W poniedziałek, 29 czerwca, policjanci otrzymali zgłoszenie o tym, że w rejonie jednej z prywatnych firm w Gorzycach (powiat tarnobrzeski), ktoś strzela z broni. Funkcjonariusze szybko ustalili, że na prywatnej posesji, która znajduję się nieopodal firmy, przy ogrodzeniu właściciel posesji ustawił jako cel puszki i strzelał do nich z wiatrówki. Pociski przelatywały jednak na teren firmy. Okazało się, że jeden z pocisków przeleciał tuż obok pracownika ochrony.
- Policjanci zatrzymali mężczyznę. Sprawcą okazał się 35-letni mieszkaniec Gorzyc.
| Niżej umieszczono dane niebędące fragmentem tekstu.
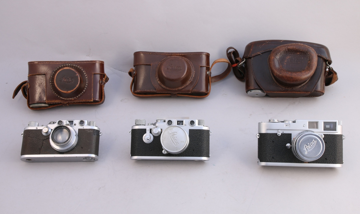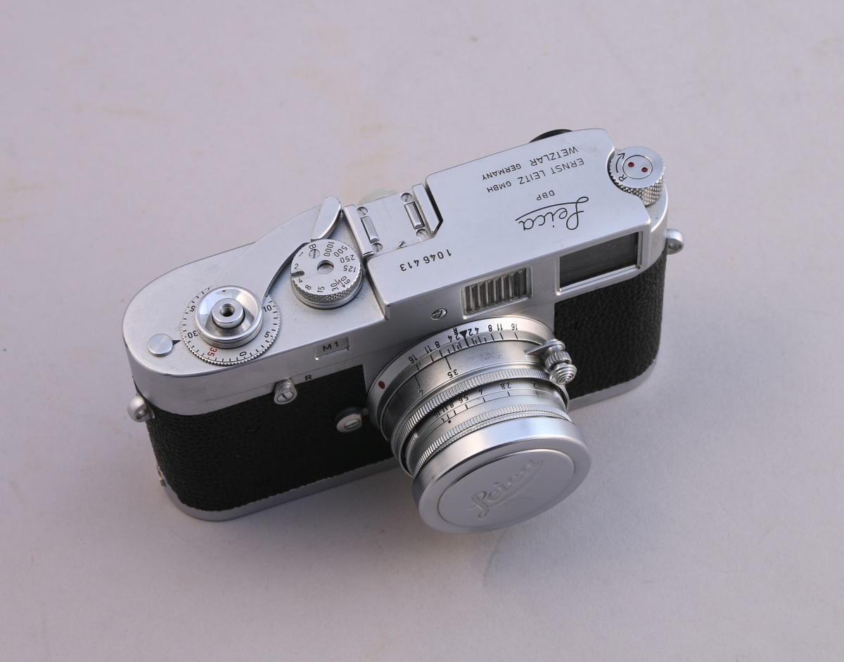 Leica M1 No 1046413 avec objectif Summicron F = 5 cm 1:2 No 1144197, avec sacoche usagée.
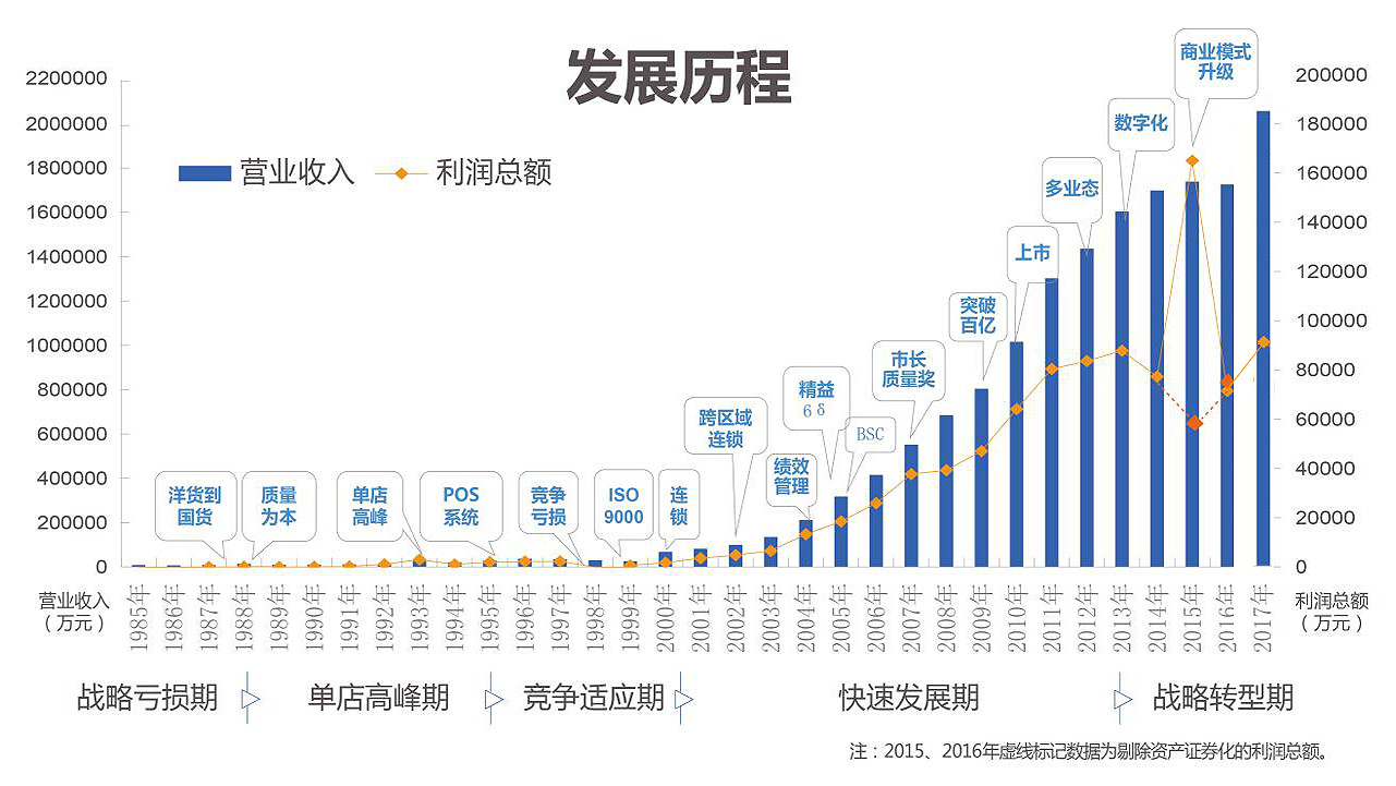 看一下整個天虹的發展歷程,也是可以看到,我們在這一輪變革轉型,其實也見證了和中國經濟的發展,也見證了中國零售業的成長和進步。天虹應該講是在卓越運營上面,我們做了很多的努力,同時也取得了非常多的成績,從單店的模式到多業態的2012年,我們天虹開始出現多業態的發展,數字化是我們2013年開始數字化的嘗試,我們也在各種論壇上對天虹的數字化進行了很多分享。在2015年,我們嘗試著商業模式的升級和轉型,因為在2015年的時候,其實電商的進入,使我們業態受到比較大的挑戰,我們同行也都知道,在這一輪一會兒重點講,在面對這樣一個挑戰過程中,天虹做了一些什么事情。

Funkcjonariusze zabezpieczyli wiatrówkę ze śrutami. Mężczyzna usłyszał zarzut narażenia ludzi na bezpośrednie niebezpieczeństwo utraty życia albo ciężkiego uszczerbku na zdrowiu. Przyznał się do popełnionego przestępstwa. Grozi mu teraz kara do roku pozbawienia wolności.
- wyjaśnia podinspektor Beata Jędrzejewska-Wrona, oficer prasowy Komendy Miejskiej Policji w Tarnobrzegu.